Turns out, the president is not above the law.

Vice President Mike Pence and House Speaker Nancy Pelosi stand and applaud President Trump at his State of the Union Address.
Speaker Nancy Pelosi and Vice President Mike Pence applaud President Donald Trump at the State of the Union address in the chamber of the US House of Representatives at the US Capitol Building on February 5, 2019 in Washington, DC.
Chip Somodevilla/Getty Images
Ian Millhiser is a senior correspondent at Vox, where he focuses on the Supreme Court, the Constitution, and the decline of liberal democracy in the United States. He received a JD from Duke University and is the author of two books on the Supreme Court.

A federal appeals court held on Friday that Trump’s claims that he is immune to congressional oversight have no basis in law.

If the Supreme Court does not interfere with this decision, that means the House Oversight Committee will soon gain access to many of Trump’s financial records — potentially including his tax forms.

The case, Trump v. Mazars USA, is an especially significant one because it represents House investigators’ best opportunity to shake records loose from a president who’s offered maximal resistance to any attempt to make him disclose information that he does not want disclosed. The House committee seeks financial records that Trump turned over to his accounting firm, Mazars USA, and the firm has indicated it will comply with the committee’s subpoena if it is ordered to do so.
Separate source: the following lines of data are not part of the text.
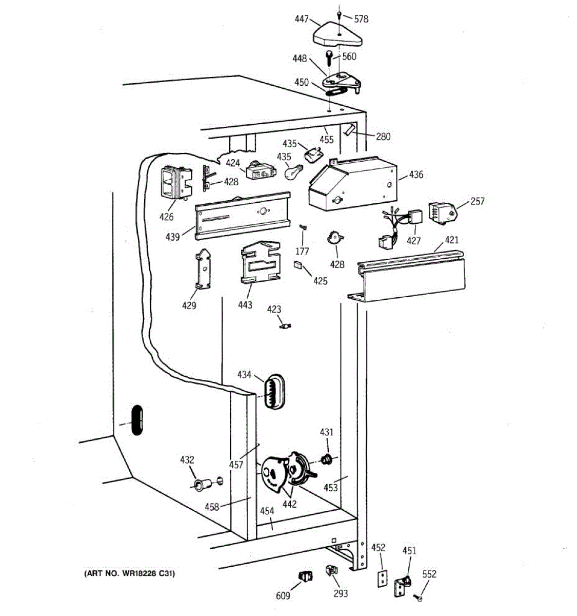 Parts for Ge TFX22JABEWW: 05 - Fresh Food Section Parts
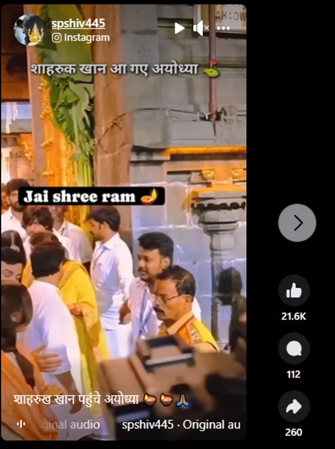 'അയോധ്യ രാമക്ഷേത്രം ഷാരൂഖ് ഖാന് സന്ദര്ശിച്ചു' എന്ന തരത്തില് റീല്സിലൂടെയാണ് പ്രചാരണമെല്ലാം. ഷാരൂഖ് ഏതോ അമ്പലത്തില് നിന്ന് കുടുംബസമേതം പുറത്തേക്ക് വരുന്നത് വീഡിയോയില് കാണാം. ഷാരൂഖ് ഖാന് അയോധ്യയിലെത്തി എന്ന തലക്കെട്ടിനൊപ്പം ജയ് ശ്രീറാം എന്ന എഴുത്തും റീലിലുണ്ട്. അയോധ്യയിലെ രാമക്ഷേത്ര പ്രതിഷ്ഠാ കര്മ്മത്തിന് ചലച്ചിത്ര താരങ്ങള് ഉള്പ്പടെ നിരവധി പ്രമുഖര്ക്ക് ക്ഷണം ലഭിച്ചിരുന്നു. എന്നാല് അത്തരം റിപ്പോര്ട്ടുകളിലൊന്നും ഷാരൂഖിന്റെ പേര് കാണാതിരുന്നതിനാല് അദേഹം അയോധ്യയിലെത്തിയതിന്റെ ദൃശ്യങ്ങള് തന്നെയോ ഇത് എന്ന സംശയമുയര്ന്നു. ഈ സാഹചര്യത്തില് വീഡിയോ വസ്തുതാ പരിശോധനയ്ക്ക് വിധേയമാക്കി.
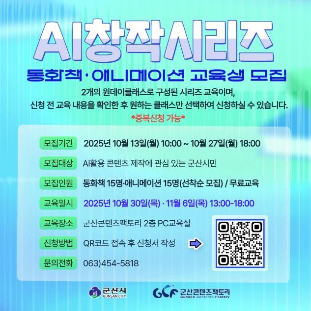 참여 신청은 10월 13일에서 27일까지 군산시청 또는 군산콘텐츠팩토리 누리집을 통해 QR 부호(코드)로 접수 가능하며, 교육 참가 인원은 동화책 15명, 애니메이션 15명으로 선착순 모집 예정이다.

Trump cannot simply refuse to turn over these records because they aren’t under his control.

Judge David Tatel, a Clinton appointee on the US Court of Appeals for the DC Circuit, wrote the majority opinion in Mazars. And, as his opinion explains, the law governing this case is pretty straightforward. As a series of Supreme Court decisions that stretch back to the 1920s Teapot Dome scandal lay out, Congress has broad authority to conduct investigations so long as those investigations have a “valid legislative purpose.” Such a purpose exists as long as the investigation touches upon a matter “on which legislation could be had.”

In this case, the Oversight Committee began its investigation after “the Office of Government Ethics announced that it had identified an error in one of the several reports that President Trump had filed since he became a presidential candidate in 2015.” Later, Trump’s former lawyer, Michael Cohen, testified to Congress that Trump “‘inflated his total assets when it served his purposes’ in some situations and had ‘deflated his assets’ in others,” thus exacerbating fears that Trump did not comply with federal ethics laws requiring him to disclose his finances.

Among other things, the House says that it wants to conduct an investigation to see if stronger ethics laws are needed to ensure that similar incidents do not arise in the future. That’s a “valid legislative purpose” concerning a matter “on which legislation could be had.” So that should be enough to dispose of this case.

A Trump-appointed judge backed the president

Nevertheless, Trump’s lawyers raise two broad arguments claiming that Trump’s financial documents should be beyond Congress’ reach. The first is that the Oversight Committee’s real purpose is “law enforcement,” not a legislative inquiry, and therefore this investigation is invalid. The second is that a law requiring the president to disclose his finances is unconstitutional and therefore this investigation does not concern a matter on which valid legislation could be had.

The first of these two objections forms the bulk of a dissent by Judge Neomi Rao, a former Trump White House official who Trump placed on the bench earlier this year. Rao argues that the committee “states a double purpose” for its investigation, “to investigate ‘criminal conduct by [President] Trump’ and also to pursue remedial legislation relating to government ethics.” According to Rao, an investigation that touches upon criminal misconduct by a president must arise in the context of an impeachment inquiry, and this investigation is not part of the ongoing impeachment investigation into Trump.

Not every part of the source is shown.